Em meio a propostas que ameaçam banir produtos consumíveis à base de cânhamo, setor do álcool nos EUA defende a manutenção da legalização dos canabinoides naturais e alerta para impactos econômicos e regulatórios
A Wine & Spirits Wholesalers of America (WSWA) — uma das principais associações da indústria de bebidas alcoólicas dos Estados Unidos — declarou oposição à nova proposta de lei orçamentária aprovada por um subcomitê da Câmara dos Representantes, que pretende proibir a maioria dos produtos consumíveis derivados do cânhamo, incluindo itens com traços de canabinoides como o delta-8 THC. A entidade, que já defendeu publicamente a legalização da cannabis em nível federal, pede que o Congresso reavalie os termos do texto e preserve a legalidade dos derivados naturais da planta.
Segundo a WSWA, o objetivo de coibir o mercado de canabinoides sintéticos é legítimo, mas a proposta atual vai além do necessário e ameaça um setor que hoje é regulado por estados norte-americanos e que opera em conformidade com a Lei Agrícola de 2018 (Farm Bill), que legalizou o cânhamo industrial.
“A WSWA apoia a eliminação de canabinoides sintéticos e não naturais, que representam um risco à saúde pública. Mas proibir todos os canabinoides não é a solução. Isso pode acabar atingindo produtos legais e regulamentados que sustentam um mercado dinâmico e promissor”, afirmou Francis Creighton, presidente da associação.
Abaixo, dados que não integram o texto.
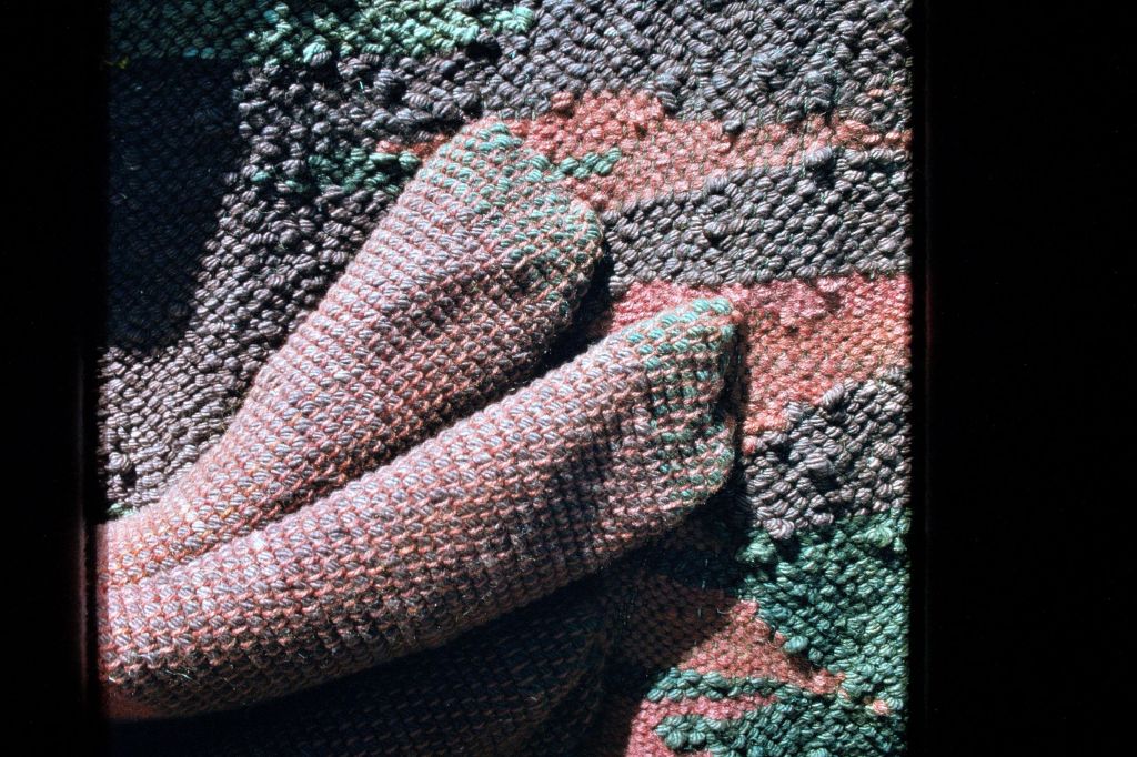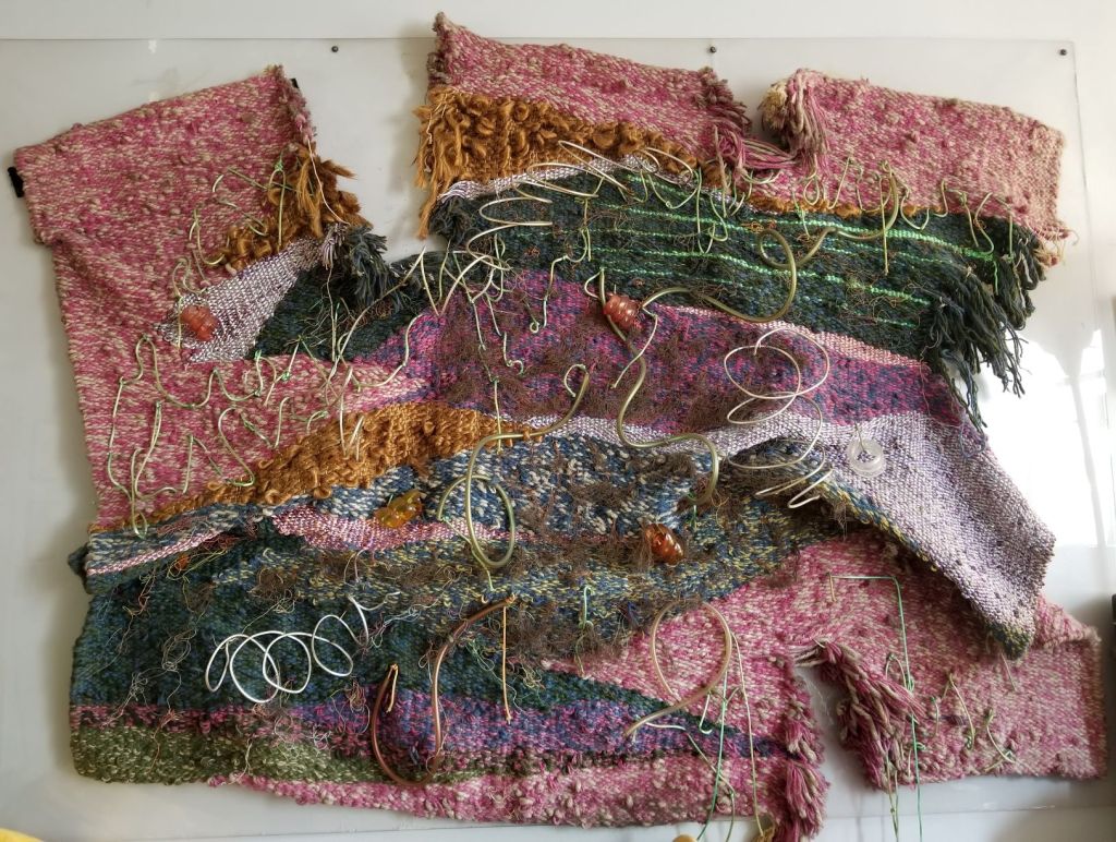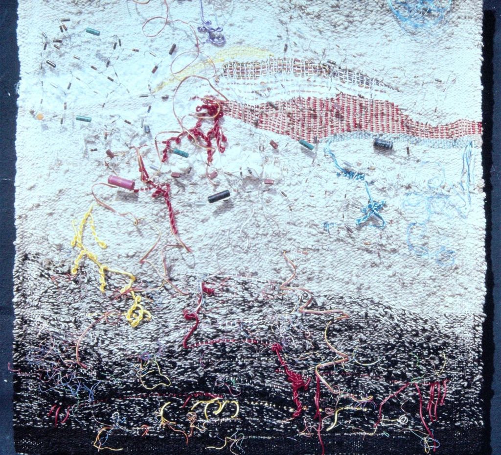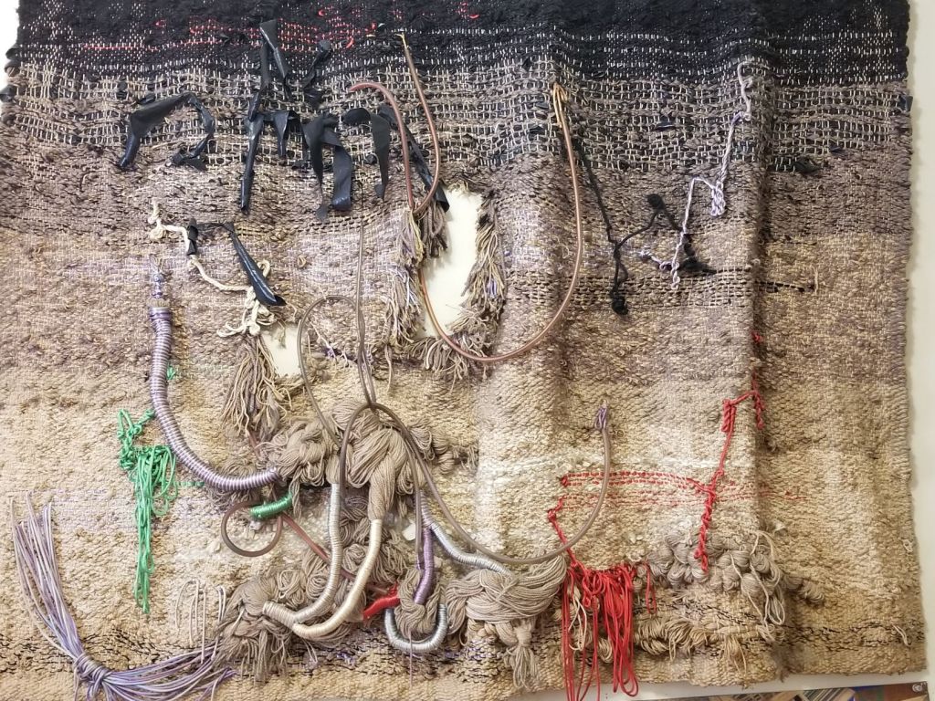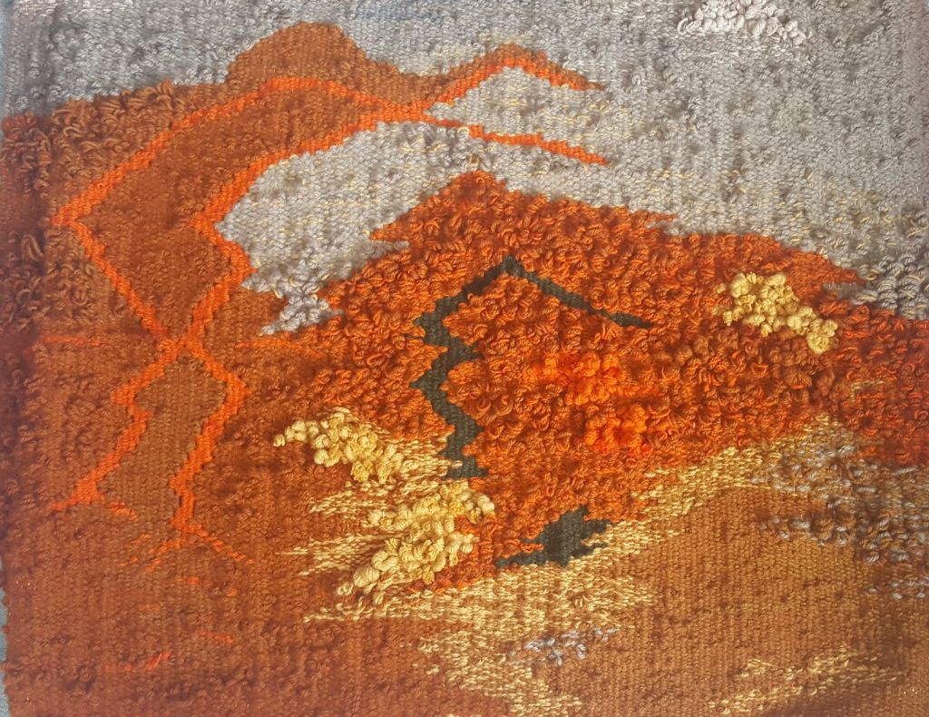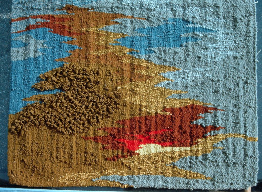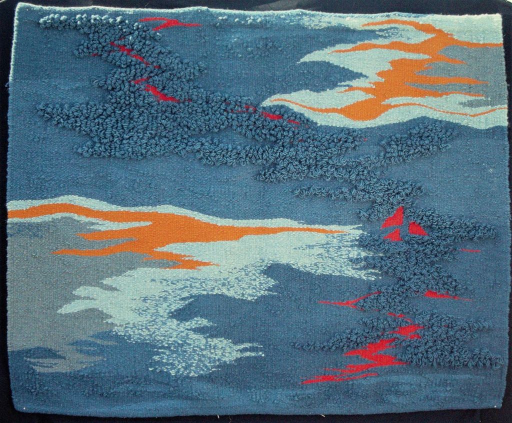 In the beginning of the 1970s, when I was in my twenties, I took a ride share from Wisconsin to LA, then hitch-hiked up Highway 1, to begin a new chapter of my life in Berkeley, California. For reasons, unknown to me—a young woman looking to find my way in the world—I’d studied literature at UW Madison, got involved with independent films, but sunk my heart into weaving. I went to Berkeley to study with a weaver and, after a couple years I rented a space in a warehouse on Adeline and Shattuck Avenue. This studio was big enough to hold several looms, including an upright loom that was about eight feet wide and ten feet high, built by a carpenter friend. Once I strung the warp, I took soft, fuzzy balls of wool and, unspooling them onto a shuttle, wove them through the warp, forcefully tamping them down, pounding on the newly laid in weft with a pick.
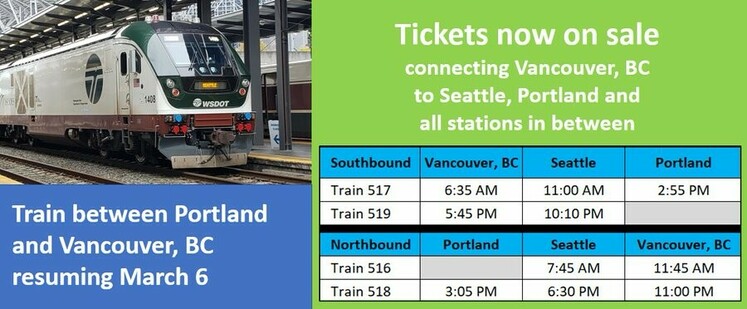 Second #AmtrakCascades trip between #Seattle and #VancouverBC coming on March 7 (with a stop in #BellinghamWA of course)! Very excited! https://www.bellinghamherald.com/news/local/article271155922.html
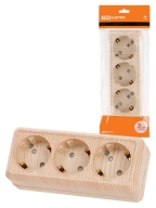 Розетка 3-х местная горизонтальная 2П+3 открытой установки IP20 16A с з/ш сосна "Ладога" | SQ1801-04
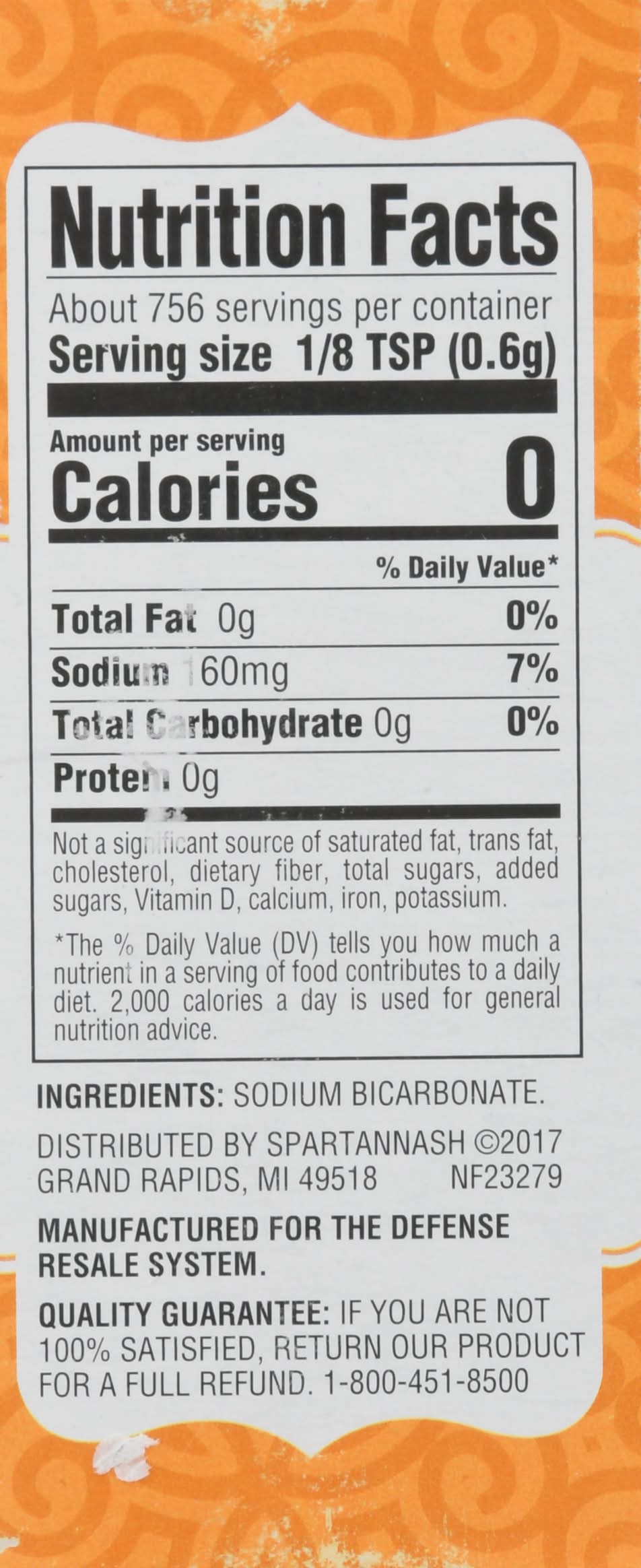 Per 1/8 Tsp: 0 calories; 0 g sat fat (0% DV); 160 mg sodium (7% DV); 0 g total sugars. Baking. Cleaning. Deodorizing. Change by month day year. Quality Guarantee: If you are not 100% satisfied return our product for a full refund. 1-800-451-8500. Spartannash,
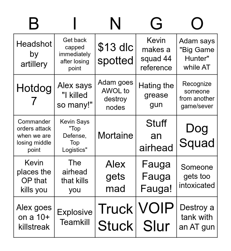 This bingo card has 39 words: Allen says "This team SUCKS", Allen goes commander after no one else will, Allen builds a fort, Alex says "I killed so many!", Alex goes on a 10+ killstreak, Alex gets mad, Adam goes AWOL to destroy nodes, Adam talks about how fun the soviets are, Adam says "Big Game Hunter" while AT, Kevin places the OP that kills you, Kevin Says "Top Defense, Top Logistics", Kevin makes a squad 44 reference, Mortaine, Dog Squad, Stuff an airhead, The airhead that kills you, The garrison that kills you, Headshot by artillery, Southern Commander, Fauga Fauga Fauga!, Hotdog 7, Truck Stuck, Hating the grease gun, Recognize someone from another game/sever, Luchs :), Getting the tank type wrong, Destroy a tank with an AT gun, Kill enemy commander, Recon squad nemesis, Get back capped immediately after losing point, Pub Push (cap 10 mins before game ends), German smoke and frag mix-up, $13 dlc spotted, Explosive Teamkill, VOIP Slur, Mine Kill, Someone gets too intoxicated, Commander orders attack when we are losing middle point and Flamethrower rando.
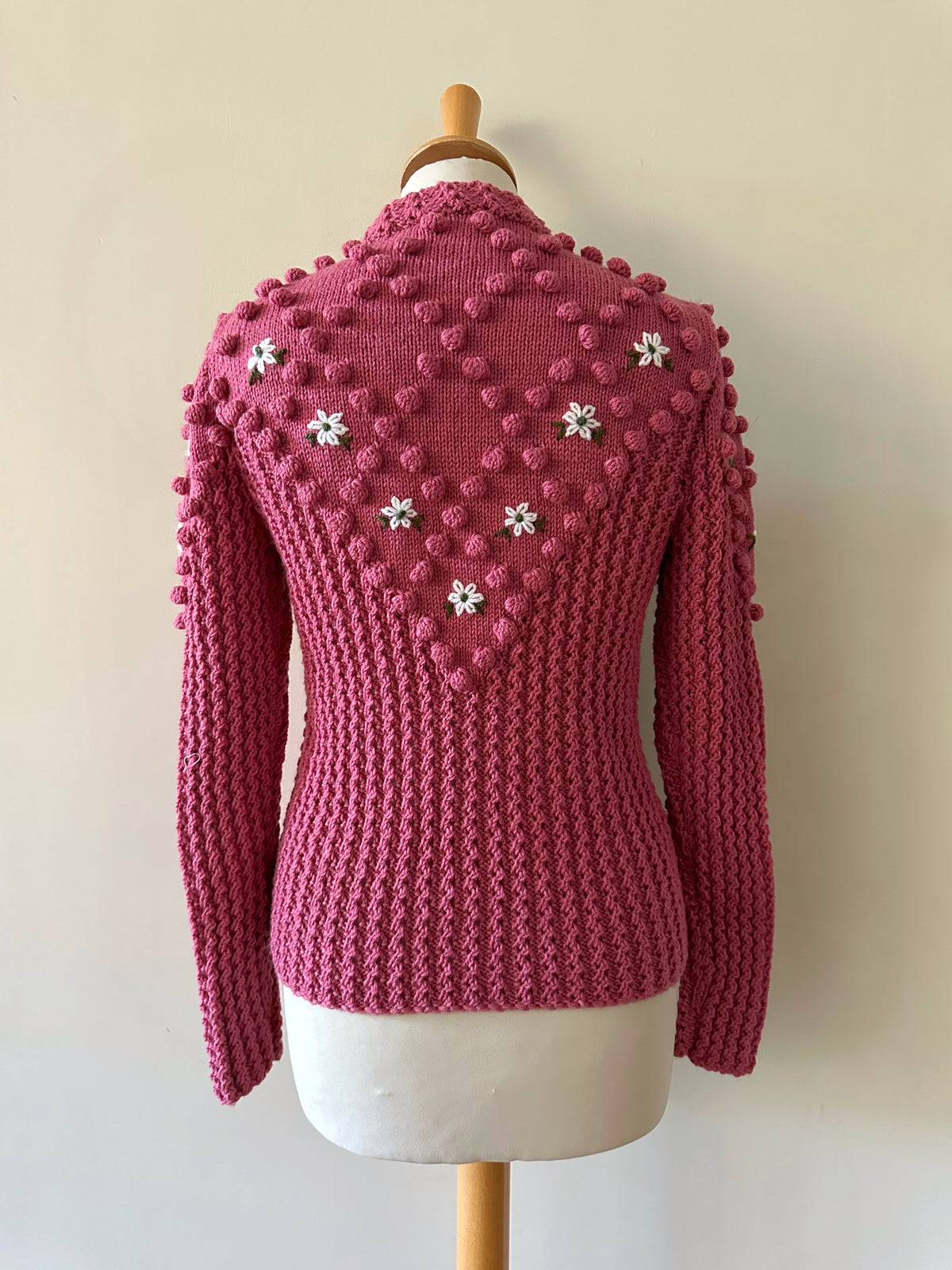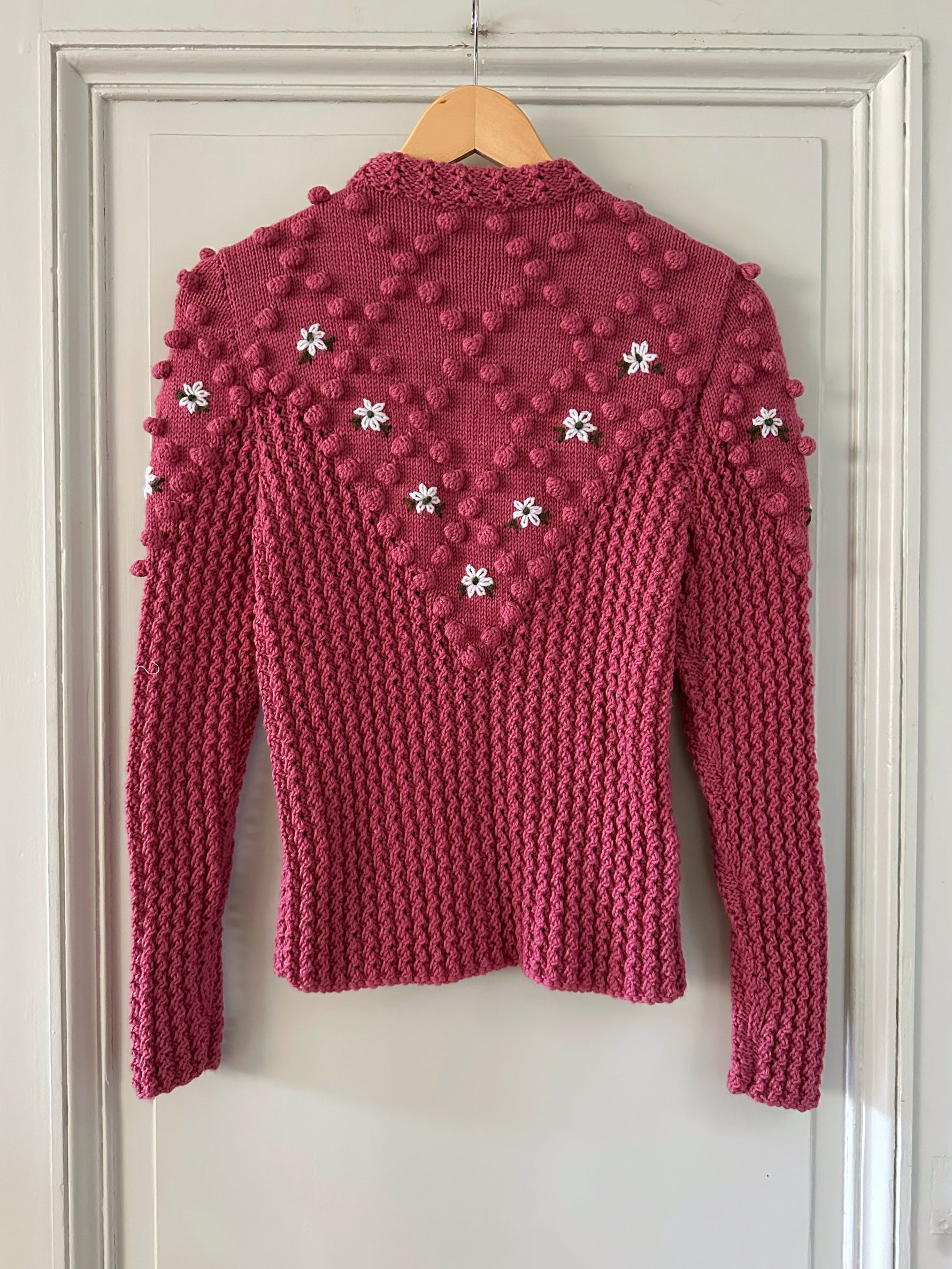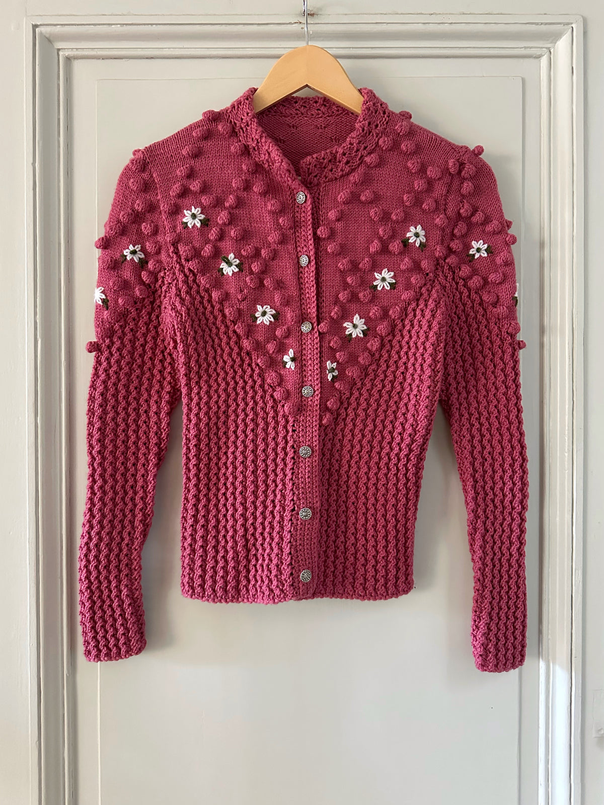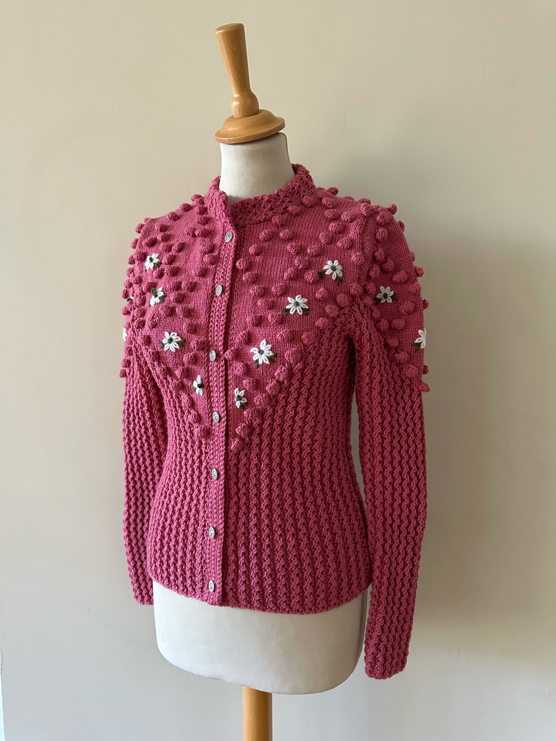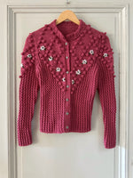 Prix unitaire parCardigan Autrichien, en laine mélangée bois de rose, maille pompons brodés, brodé de fleurs blanches et vertes, manches ballons, boutons bijoux argentés, tricoté main en Autriche, taille 36 porté ici sur un mannequin T36. Longueur dos 55cm Aisselles 44cm.

A crítica central da WSWA é que, ao adotar uma proibição generalizada, o governo federal abre espaço para o avanço de atores ilegais e impede que estados continuem suas políticas de regulação responsável.
“Se essa proposta for adiante, estaremos entregando o mercado a operadores clandestinos, minando estruturas regulatórias estaduais que funcionam e colocando em risco a segurança do consumidor”, alertou Creighton.
A associação propôs que o Congresso remova do projeto de lei o trecho que redefine o cânhamo como qualquer produto que contenha “quantidades quantificáveis” de THC ou de compostos com efeitos semelhantes — o que poderia banir inclusive produtos à base de CBD com traços de THC, hoje amplamente comercializados de forma legal.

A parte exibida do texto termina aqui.